… many questionable and erroneous beliefs have purely cognitive origins, and can be traced to imperfections in our capacities to process information and draw conclusions. We hold many dubious beliefs, in other words, not because they satisfy some important psychological need, but because they seem to be the most sensible conclusions consistent with the available evidence. People hold such beliefs because they seem, in the words of Robert Merton, to be the “irresistible products of their own experience.” They are the products, not of irrationality, but of flawed rationality.
How We Know What Isn’t So: The Fallibility of Human Reason in Everyday Life
by Thomas Gilovich
人間この信じやすきもの―迷信・誤信はどうして生まれるか
by トーマス ギロビッチ
認知科学選書
When examining evidence relevant to a given belief, people are inclined to see what they expect to see, and conclude what they expect to conclude. Information that is consistent with our pre-existing beliefs is often accepted at face value, whereas evidence that contradicts them is critically scrutinized and discounted. Our beliefs may thus be less responsive than they should to the implications of new information.
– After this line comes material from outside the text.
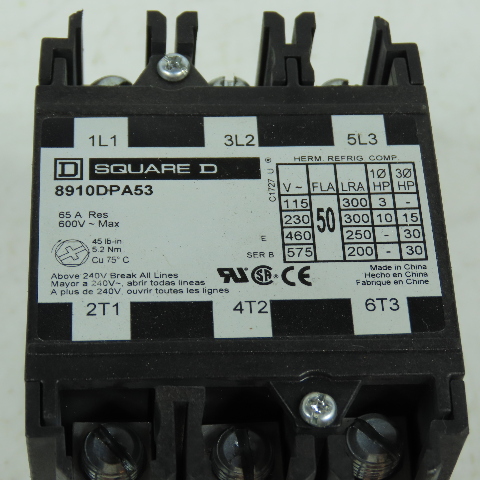 Square D 8910DPA53 65A 3-Pole Definite Purpose Contactor 24V 600V

People will always prefer black-and-white over shades of grey, and so there will always be the temptation to hold overly-simplified beliefs and to hold them with excessive confidence.
What we believe is heavily influenced by what we think others believe.
We humans seem to be extremely good at generating ideas, theories, and explanations that have the ring of plausibility. We may be relatively deficient, however, in evaluating and testing our ideas once they are formed.
For desired conclusions, we ask ourselves, “Can I believe this?”, but for unpalatable conclusions we ask, “Must I believe this?”